Q: How do you think the FBU should organise for its politics within the Labour Party if it was to reaffiliate?
We would need to be active. We would need to ensure that our members and officials across the UK engage with what the Corbyn Labour Party stands for. We need to encourage members to be active within the Labour Party. First of all, join the Party and go to branch meetings. We can then get the fire service back on the political agenda. We would encourage more political schools around the country to discuss the fire service and organise to protect it. In order to engage our membership the Labour Party needs to show what it will do for them — both in their working lives and their lives outside the fire service. The problem with Labour under Miliband (and the others) was that whilst they talked about representing the working class and the disadvantaged they really never did. There was never any real discussion about an alternative. I think many within our movement felt completely powerless as the agenda was set by the Tories and their friends. The Labour spin machine has a lot to answer for. The amazing return for Jeremy Corbyn proves the point about there being a political vacuum as regards an alternative.
Q: The Blairites did a lot to destroy Labour Party democracy. What do you think needs to happen to re-democratise the Party?
The main thing would be conference. That is where members of the Labour Party, be it individuals or affiliates, can make a big difference. If the decisions at conference revert back to being binding on the PLP and its leadership then workers will see a real point in being affiliated. If firefighters can see that moving a motion at their local branch could become national policy, then that will energise and give them hope. It is no use having a democratic conference if there is no substance beneath it. Branch organisation is also key. Any party worth its salt has to be built from the bottom up. It is impossible to have a credible political party without there being democratic accountability on the ground.
Maria Exall, Communication Workers Union and chair of the TUC LGBT committee spoke to the AWL’s paper Solidarity in a personal capacity
What are the factors behind the “Corbyn explosion”?
It is a response to the Tory victory.
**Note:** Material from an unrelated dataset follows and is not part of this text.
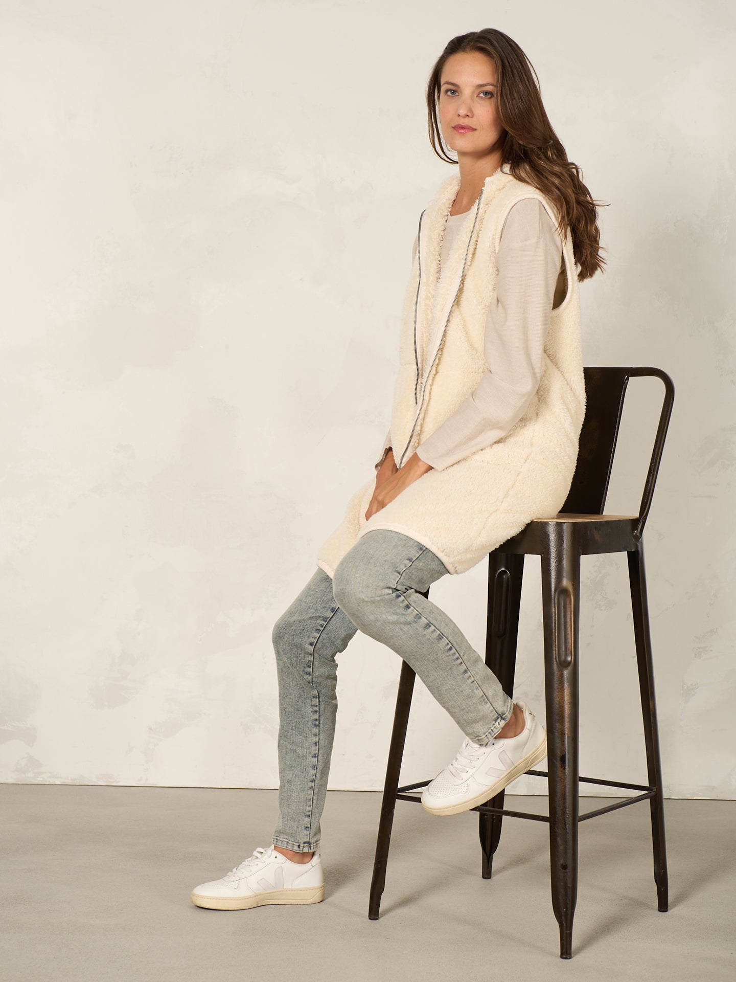 Gilet oversize super soffice con un cappuccio accogliente, ampie tasche e una leggera zip a due vie.

Anyone who has half a socialist thought in their head will have been shocked by that, would have thought “we are stuck with this lot for another five years, they are going to do so much damage to welfare, the unions.”
What is exciting about it, especially as this includes a lot of young people, is people thinking how politics does matter. Jeremy’s campaign came along and they were inspired by the necessity of politics, at different levels.
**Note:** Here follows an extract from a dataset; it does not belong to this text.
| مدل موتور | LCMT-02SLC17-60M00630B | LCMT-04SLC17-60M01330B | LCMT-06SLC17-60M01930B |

The second element is people who were once Labour Party members and who have come back. Plus existing Labour members, are realising that the Blairite era is well and truly over.
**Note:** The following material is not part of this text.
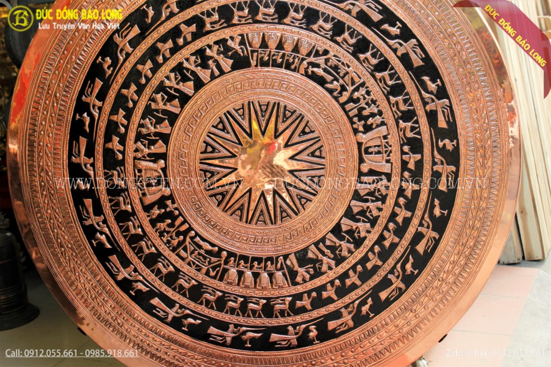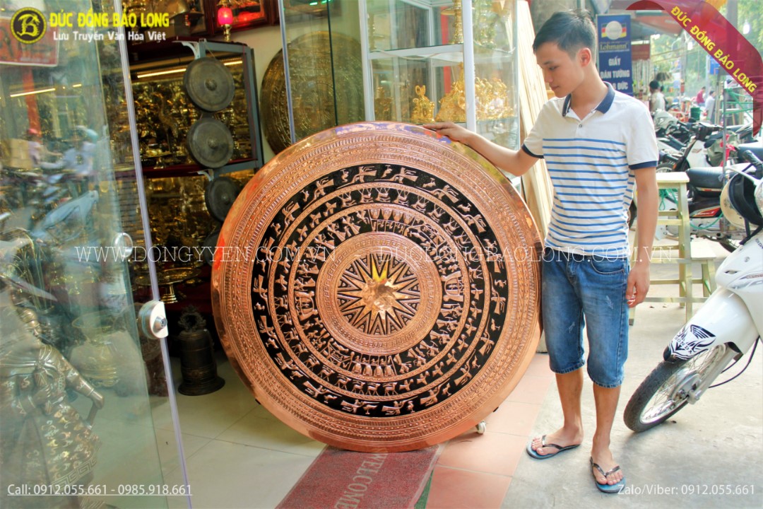 Mặt trống đồng đường kính 1m27 chuẩn mẫu mặt trống Đông Sơn, Ngọc Lũ của hội mỹ thuật Việt Nam. Mặt trống đồng đang là sản phẩm rất thông dụng để trang trí tại các văn phòng làm việc, sảnh công ty tập đoàn, phòng khách gia đình,...

Ed Miliband was a bit half-and-half. People backed him wanting something different and they got half of something different. Now people are thinking, what is the Labour future? Maybe other candidates in the leadership contest didn’t present something so future orientated. The Corbyn campaign was seen as a new paradigm.
The third element is that things in Labour politics are quite different when in opposition than in government. There is more room for recasting politics. Maybe that was an element in the unions’ thinking because it was surprising that they supported Corbyn. All the time that I’ve been active in the unions and attending Labour conference on behalf of my union, it’s been about “how can we win power” and “what will be acceptable”. That’s important actually, because it’s about convincing the majority of the British people. However to be always constrained by this imperative, as it was in the New Labour era, was a problem.
Now things have gone the other way and people are coming out with all sorts of ideas. In any party that should represent the labour movement and the working class we should gather up all these ideas. But we also need to think about how to convince people to vote for Labour. There has to be a strategy for the future.
The new political direction needs people to go out and convince people, street activity, door knocking..
Yes that’s right. But we also need to develop the Labour left. There has been some residual left in the party over the last ten years, people voting for left candidates etc. but it has been suppressed. We need a united democratic organisation to support this shift in politics.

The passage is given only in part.